Member of the U.S. House of Representatives from Kentucky's 8th district
- In office August 1, 1919 – March 3, 1921
- Preceded by: Harvey Helm
- Succeeded by: Ralph Waldo Emerson Gilbert

Personal details
- Born: August 10, 1893 Danville, Kentucky, U.S.
- Died: April 23, 1961 (aged 67) Lexington, Kentucky, U.S.
- Resting place: Lexington Cemetery
- Party: Republican
- Alma mater: Centre College University of Kentucky
- Profession: Lawyer

Military service
- Allegiance: United States of America
- Rank: Captain
- Battles/wars: World War I

= King Swope =

American politician (1893–1961)

King Swope (August 10, 1893 – April 23, 1961) was an American attorney and politician who served as a U.S. representative from Kentucky.

==Biography==
Born in Danville, Kentucky, Swope earned a B.A. from Centre College in 1914 and a law degree from the University of Kentucky at Lexington in 1916. He was admitted to the bar in 1915 and practiced law in Lexington.

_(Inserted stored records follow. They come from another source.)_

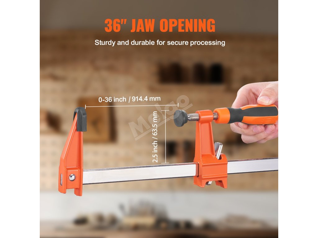 Čeľusťový otvor tyčových svoriek s priemerom 36 palcov je navrhnutý tak, aby sa doň zmestila väčšina drevín štandardnej veľkosti, čo používateľom poskytuje väčší priestor na nastavenie počas práce a zabezpečuje presné polohovanie počas spracovania.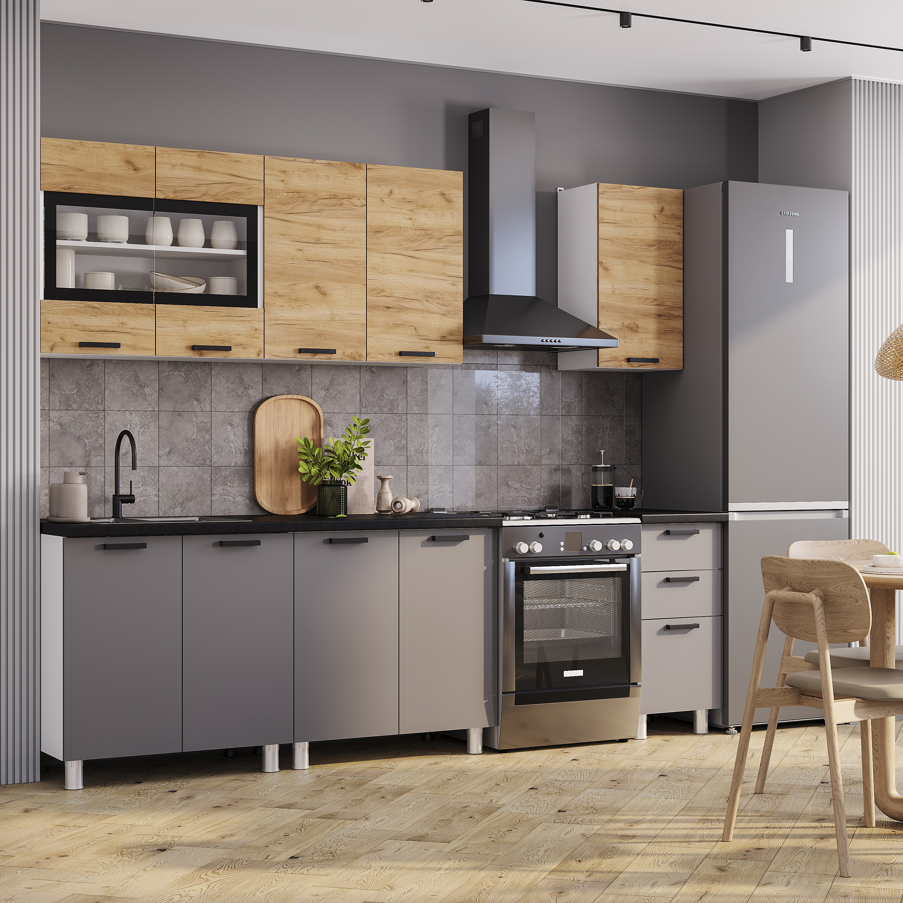 .Кухня «Крафт», выполненная в стиле «лофт», - это воплощение самых актуальных трендов в дизайне мебели. Глубокий и насыщенный «графит» для нижней секции и «крафт» для верхней идеально дополняют друг друга, создавая элегантный и сдержанный образ кухни.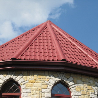 Несмотря на то, что кровля крыши металлочерепицей выполняется из листов достаточно большого размера, этот материал можно использовать, в том числе и для обустройства сложных кровель. Листы легко режутся, что позволяет сделать качественное покрытие округлых участков, ендов, выступающих слуховых и мансардных окон, башенок и т. п.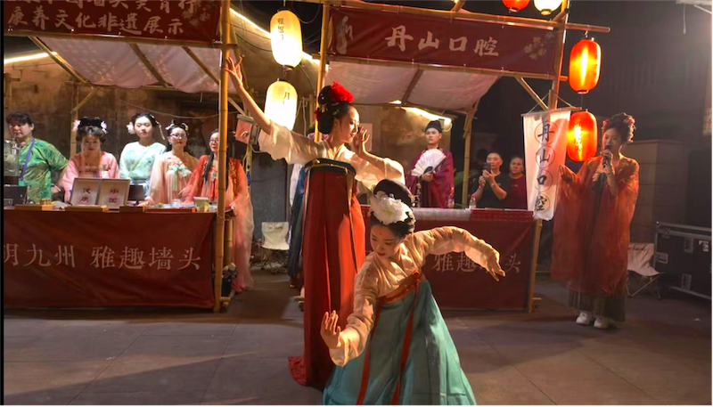 在墙头历史文化街区的中医药文化广场上,“星耀四明·海韵潮音”转角遇艺文艺展演中,文化特派员携手宁波文艺志愿团队的师生们,以匠心独运的艺术构思巧妙融合汉、唐、宋、明等历代雅事与中华传统医药文化,精心创作《九州同游雅事录》等富有时代气息的新颖作品;同时推出“溪里有方·大美健康”系列文创产品《五彩福禄》,将传统美学与现代设计完美结合。宁波市曲艺家协会陈一卿老师即兴创作《九州巷弄里的卖货郎》,以生动的艺术语言再现市井生活的烟火气息,让古老的非遗在皎洁月光下熠熠生辉。
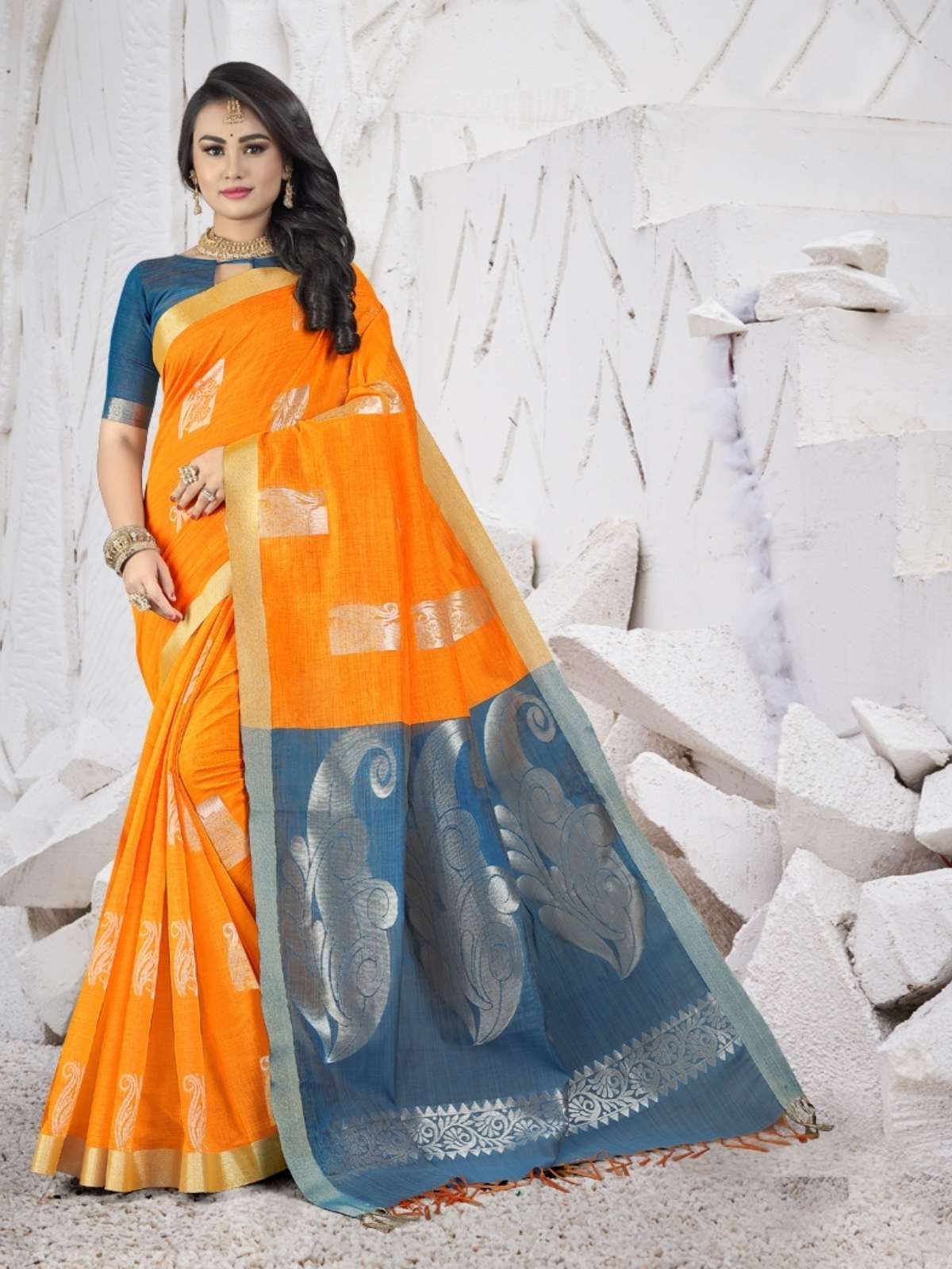 Chettinad Cotton Jacquard Saree -TEJASHVI #5548 Golden Yellow X T.Blue – [Golden Yellow]

Swope enlisted and served during World War I as captain of infantry. He was elected as a Republican to the 66th U.S. Congress by special election, to fill the vacancy caused by the death of Harvey Helm (August 1, 1919 – March 3, 1921). Swope was an unsuccessful candidate for reelection to the 67th U.S. Congress in 1920.

Swope was appointed aide-de-camp with the rank of colonel on the staff of Governor Edwin P. Morrow in 1919, before resuming the practice of law. He was the chairman of the Republican executive committee of Fayette County, Kentucky, from 1928 to 1931, and was appointed and subsequently elected a judge of the circuit court of the 22nd judicial district of Kentucky and served from 1931 to 1940.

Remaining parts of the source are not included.